Toolkit
GNU Parallel
GNU parallel is one of the greatest tool for PL/SWE research.
Every now and then, we have to evaluate the system you developed. (Measuring almost always intrigues us!)
For example, at least for writing a paper, you might have to measure for a research question like “how effective is XXX in synthesizing …?”
To answer the question, a benchmark that consists of tons of inputs is often constructed, and the system is tested against them.
In this scenario, it is always better to parallelize the executions because faster iteration means faster improvement!
However, it is very annoying to write such a script especially with parallelization.
For example, in Python, you have to learn how to use the pool executor API: submit, join, as_completed, and so on.
The process management is also a nightmare, and you might end up with tons of zombie processes if it goes wrong.
Even more, when you want to visualize the progress, tqdm easily breaks with the executor API.
You have to go through a lot of trials and errors to get the script right.
Here, parallel comes to the rescue.
All you need is write a command for each input.
For example, what you want is just a single line:
find inputs/*.ll | parallel --bar --joblog job.log --timeout 3600 -j (nproc) "<system> {} > outputs/{/}.result 2> outputs{/}.error"
The --bar option gives a nice progress bar. The log file contains how long it took for each command to finish.
In addition, it is very straightforward to specify the timeout for each command and the number of job workers.
sqlite3
It is almost always better than having scattered CSV or JSON.
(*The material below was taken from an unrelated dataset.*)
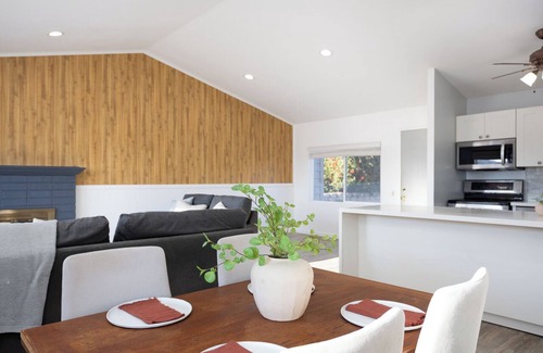 Welcome to your private Santee retreat! This updated 2BR/1BA home features vaulted ceilings, luxury vinyl plank flooring, and a fully equipped kitchen with quartz countertops, upgraded cabinets, and stainless steel appliances. Enjoy a bright, open-concept layout perfect for relaxing or working remotely. Both bedrooms offer cozy comfort and ample storage. Step outside to a peaceful yard with green grass and blooming flowers—ideal for morning coffee or evening unwinding. Additional amenities include fast Wi-Fi, A/C, in-unit washer/dryer, and a private 2-car garage and a 50 inch smart TV. Enjoy quick stroll to Walker Preserve where you can hike along the scenic San Diego river! Located in a quiet neighborhood with easy access to parks, shopping, and freeways—your perfect San Diego stay starts here!

You don’t need pandas. You do not need jq. Just good old SQL queries to get your job done.
Even more, I find working with coding agents when data are in a sqlite3 db more pleasant than when they are scattered through files.
They excel at writing SQL queries since GPT-3.5 (and we now have GPT-5.5).
In addition, you can save those analysis queries in a text file and run it via: sqlite3 your_db.db < analysis.sql.
Moreover, your favorite programming language will provide a binding for sqlite3. (Python, OCaml, Rust, and you name it!)
So, it is straightforward to integrate data collection into your pipeline.